Theater Troupe to Premiere Medieval — and Bawdy — French Farces at UCSB

Wednesday, May 8, 2013 - 17:00
Santa Barbara, CA

They were the sitcoms of their time –– lowbrow comedies that lampooned every serious topic, from sex and relationships to politics and religion. Now a quartet of these theatrical gems will premiere at UC Santa Barbara on Friday, May 17.

Directed by Betty Ellzey and performed by The Rude Mechanicals Medieval and Renaissance Players, who hail from Shepherd University in West Virginia, the four comedies are drawn from " ‘The Farce of the Fart' and Other Ribaldries –– Twelve Medieval French Plays in Modern English," an anthology of translations by Jody Enders, professor of French at UCSB.

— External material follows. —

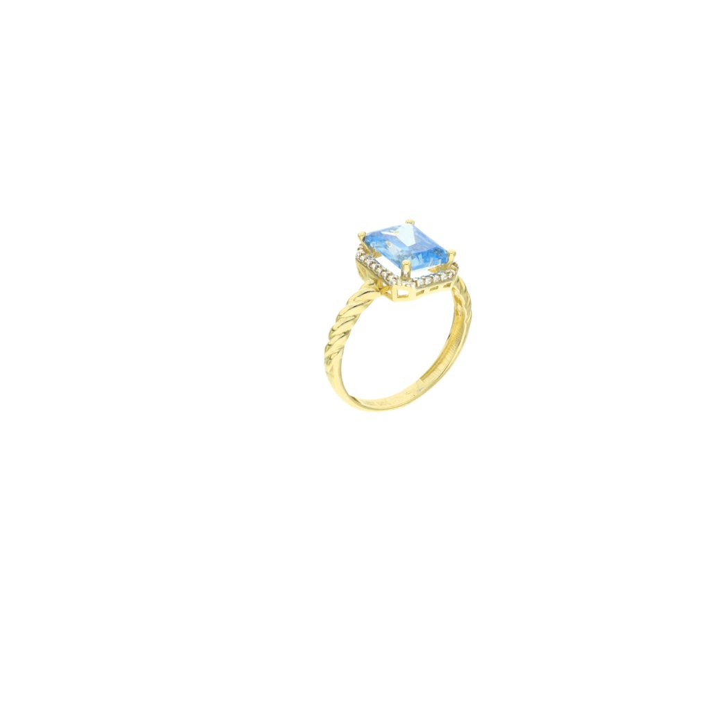 Zlatý dámský prsten s modrým kamenem zdobeným zirkony
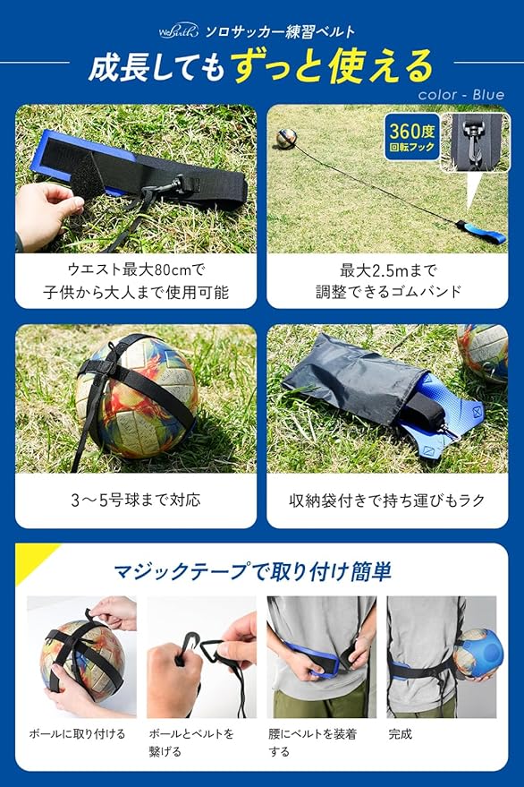 ⚽【商品の特徴】 伸縮性と耐久性のあるゴムバンド: 長くご愛用いただけます。 マジックテープで簡単取り付け! 幅広くゴムバンドの長さ調整が可能! 従来商品より最大で2.2m長く、様々な練習に対応できます。 360度回転するフック: 様々な角度からのボール返しに対応。 サッカーボールに対応: 4号球、5号球に対応。 屋外での練習も可能: 柔らかいボールに使え、様々なシーンで活躍します。 収納袋付き: コンパクトに収納でき、持ち運びも楽々。

The performance begins at 5 p.m. in Theater and Dance West 1701 at UCSB. It is free and open to the public. On the program are "The Farce of the Fart," "Confession Lessons," "Monk-ey Business," and "Cooch E. Whippet." In addition, a question-and-answer session with the actors and Enders will follow.

"It's tremendously exciting that Betty Ellzey's troupe is coming to UCSB," said Enders, a theater historian and author of four other books. "In her work with gifted undergraduates from West Virginia, she has really been able to capture the liveliness of a 15th-century comedy that few modern audiences get to see."

The show is presented in conjunction with the UCSB Medieval Studies Graduate Student Conference, which continues through Saturday, May 18, in the McCune Conference Room, 6020.

For centuries, the scripts for these outrageous, anonymously written shows were available only in French editions collected from miscellaneous print and manuscript sources. In her translations, Enders captures the colorful characters, coarse humor, and outrageous plot lines of medieval drama that have, for the most part, been accessible to contemporary readers and theater audiences.

"There's an unfortunate tendency to think that because a play was written in a now-dead language like the Middle French of the 15th century, it is esoteric and inaccessible," Enders said. "But that's not the case at all. The French farces are still hilarious, and contemporary in so many ways. The Middle Ages still have so much to tell us about ourselves –– especially when we forget our sense of humor."